_What is required_
Please give an exact printout of the records, without any pictures.

_Supplied records_
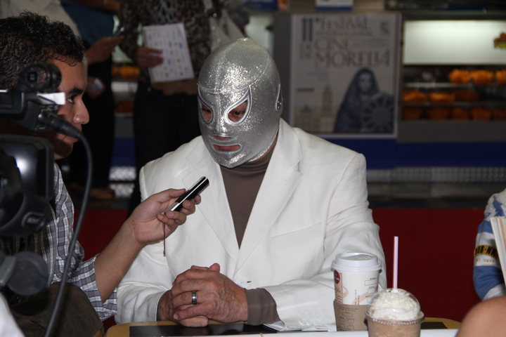 NOTICIAS 21/10/2013"El hijo del Santo" llega al FICM con "El hombre detrás de la máscara"Entre los invitados especiales a la alfombra roja del proyecto incluido en la sección de largometraje mexicano del Festival Internacional de Cine de Morelia (FICM), "Penumbra" de Eduardo Villanueva, se encontró el "Hijo del Santo", personaje de los cuadriláteros que atrajo la atención de los reflectores para platicar sobre el documental "El hombre detrás de la máscara" que este año también se encuentra dentro del programa del festival.
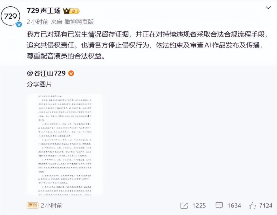 729声工厂发声:本身已对现存已发生情况留存左证,并正在对握续违法者遴荐正当合规经过技能,根究其侵权职守。也请各方罢手侵权行径,照章敛迹及审查AI作品发布及传播,尊重配音演员的正当权利。
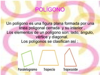 Este documento define y explica conceptos geométricos básicos como polígonos, triángulos, paralelogramos, cuadriláteros, círculos, radios, diámetros y más. Explica que un polígono es una figura plana formada por una línea poligonal cerrada y su interior, y que los triángulos y cuadriláteros suman 180° y 360° respectivamente. También define conceptos circulares como radio, diámetro, centro, arco y circunferencia.
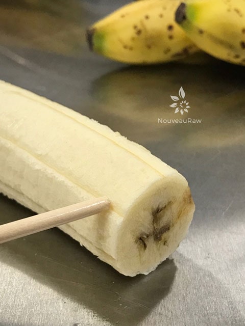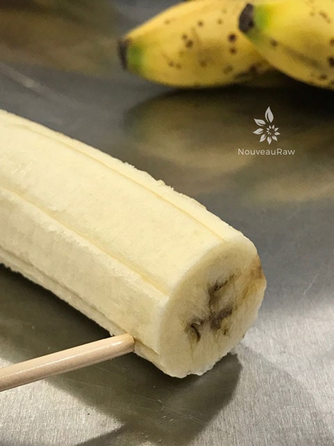 Once the bananas are done, it’s time to spread some date paste on the inner side of the banana slice. You can do this one of two ways:
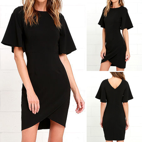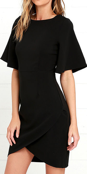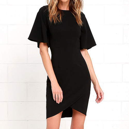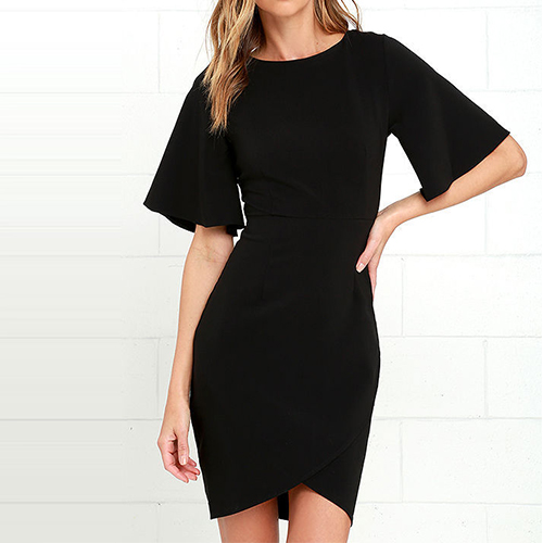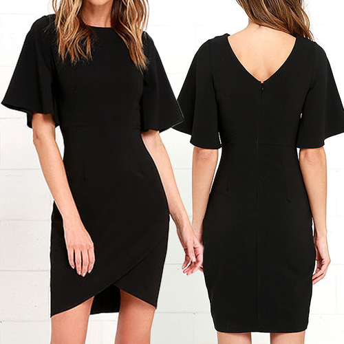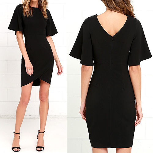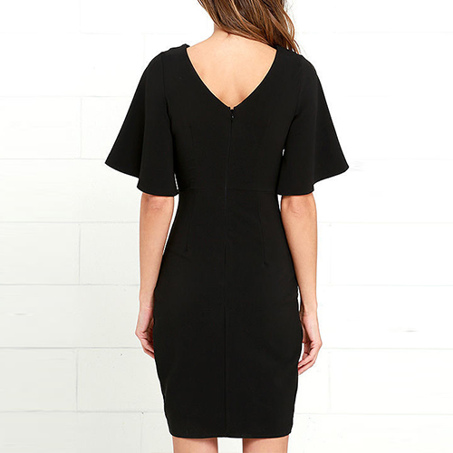 mysterious black hue, this dress boasts round neck, bell sleeve and v back design, the
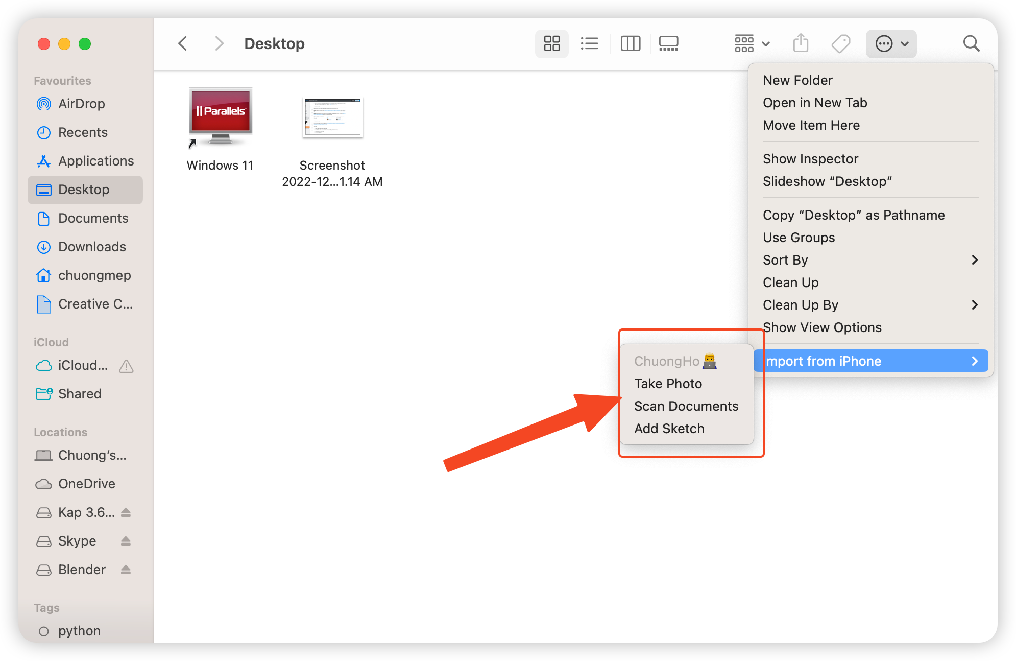 Hãy xem bức hình bên dưới, việc lấy một bức ảnh từ điện thoại chụp nhanh nó dễ dàng đến mức nào, phải nói là nó tức thời và quá tuyệt vời, bạn chỉ cần chọn vào tính năng, Iphone tự động mở Camera sẵn chụp từ điện thoại và ảnh sẽ đi đến thư mục bạn đang cần làm việc hoặc nhập ngay lập tức khi bạn nhấn đồng ý từ phía điện thoại. Điều mà MacOS đã vượt xa Windows rất nhiều.
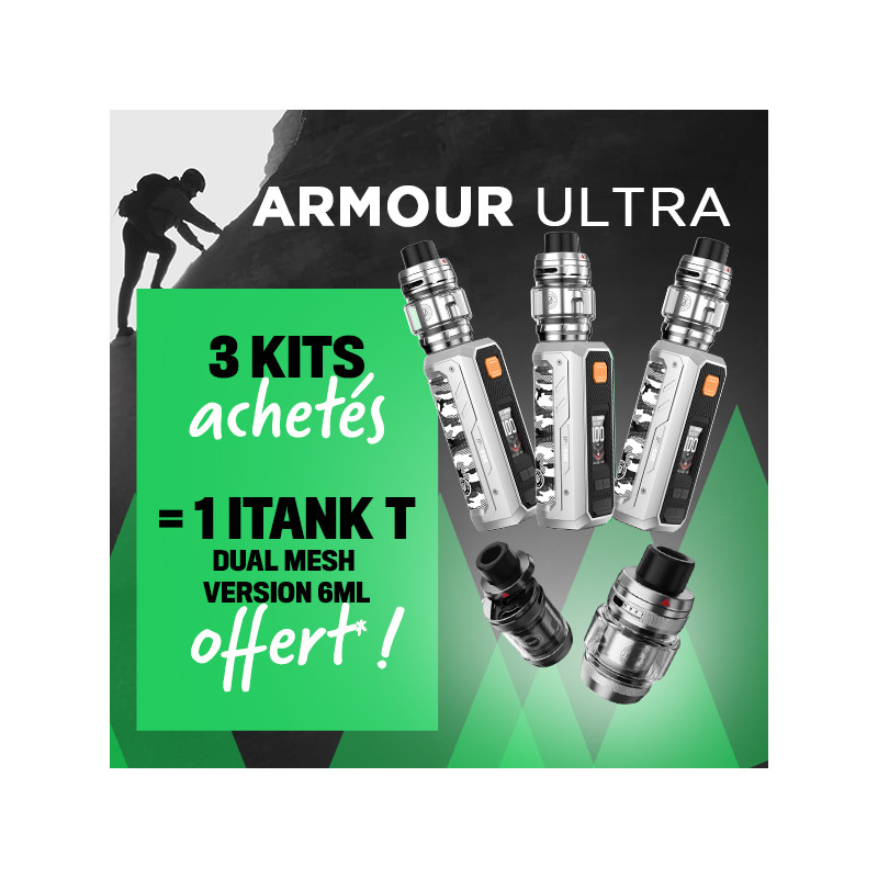 Pour l'achat de 3 Kits Armour Ultra (couleur Camo Silver), recevez gratuitement* le nouvel Atomiseur iTank T Dual Mesh Version 6mL de Vaporesso (couleur aléatoire).
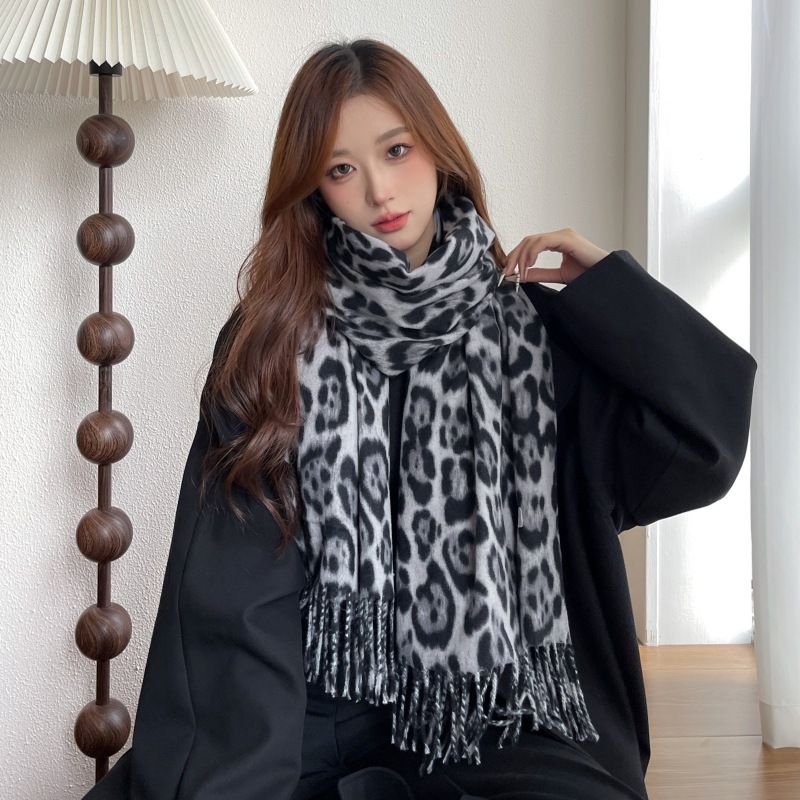 Šál 2024, ktorý vás zahreje v zime, na jeseň a v zime, nový retro všestranný leopardí šál so strapcami a zahusteným šálom Spice Girl
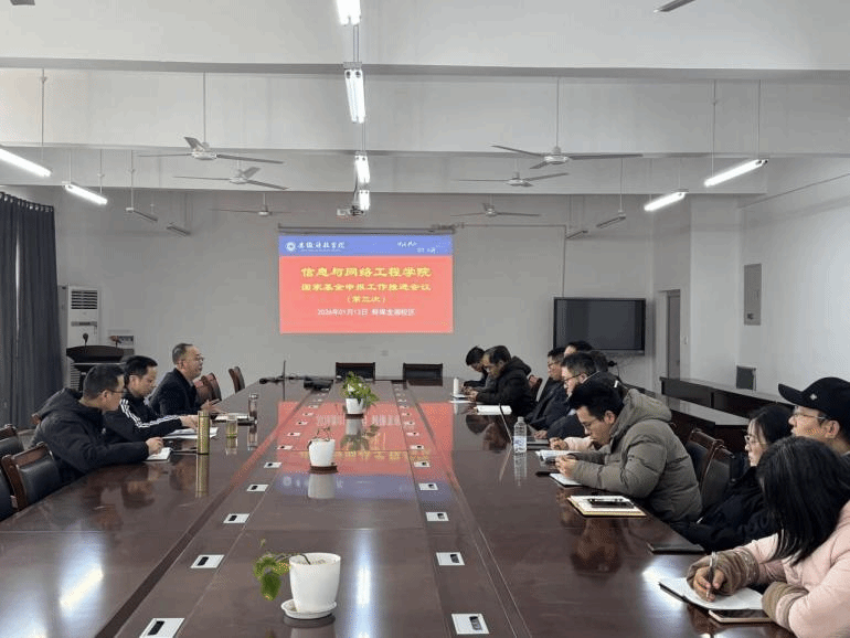 1月13日下午,信息与网络工程学院在尚行楼B418会议室召开2026年度国家基金项目申报工作第三次推进会议,重点部署申报书的优化提质工作。2026年度全体申报人员参加会议,会议由学院副院长何恩节主持。

_Task answer_
 NOTICIAS 21/10/2013"El hijo del Santo" llega al FICM con "El hombre detrás de la máscara"Entre los invitados especiales a la alfombra roja del proyecto incluido en la sección de largometraje mexicano del Festival Internacional de Cine de Morelia (FICM), "Penumbra" de Eduardo Villanueva, se encontró el "Hijo del Santo", personaje de los cuadriláteros que atrajo la atención de los reflectores para platicar sobre el documental "El hombre detrás de la máscara" que este año también se encuentra dentro del programa del festival.
 729声工厂发声:本身已对现存已发生情况留存左证,并正在对握续违法者遴荐正当合规经过技能,根究其侵权职守。也请各方罢手侵权行径,照章敛迹及审查AI作品发布及传播,尊重配音演员的正当权利。
 Este documento define y explica conceptos geométricos básicos como polígonos, triángulos, paralelogramos, cuadriláteros, círculos, radios, diámetros y más. Explica que un polígono es una figura plana formada por una línea poligonal cerrada y su interior, y que los triángulos y cuadriláteros suman 180° y 360° respectivamente. También define conceptos circulares como radio, diámetro, centro, arco y circunferencia.
 Once the bananas are done, it’s time to spread some date paste on the inner side of the banana slice. You can do this one of two ways:
 mysterious black hue, this dress boasts round neck, bell sleeve and v back design, the
 Hãy xem bức hình bên dưới, việc lấy một bức ảnh từ điện thoại chụp nhanh nó dễ dàng đến mức nào, phải nói là nó tức thời và quá tuyệt vời, bạn chỉ cần chọn vào tính năng, Iphone tự động mở Camera sẵn chụp từ điện thoại và ảnh sẽ đi đến thư mục bạn đang cần làm việc hoặc nhập ngay lập tức khi bạn nhấn đồng ý từ phía điện thoại. Điều mà MacOS đã vượt xa Windows rất nhiều.
 Pour l'achat de 3 Kits Armour Ultra (couleur Camo Silver), recevez gratuitement* le nouvel Atomiseur iTank T Dual Mesh Version 6mL de Vaporesso (couleur aléatoire).
 Šál 2024, ktorý vás zahreje v zime, na jeseň a v zime, nový retro všestranný leopardí šál so strapcami a zahusteným šálom Spice Girl
 1月13日下午,信息与网络工程学院在尚行楼B418会议室召开2026年度国家基金项目申报工作第三次推进会议,重点部署申报书的优化提质工作。2026年度全体申报人员参加会议,会议由学院副院长何恩节主持。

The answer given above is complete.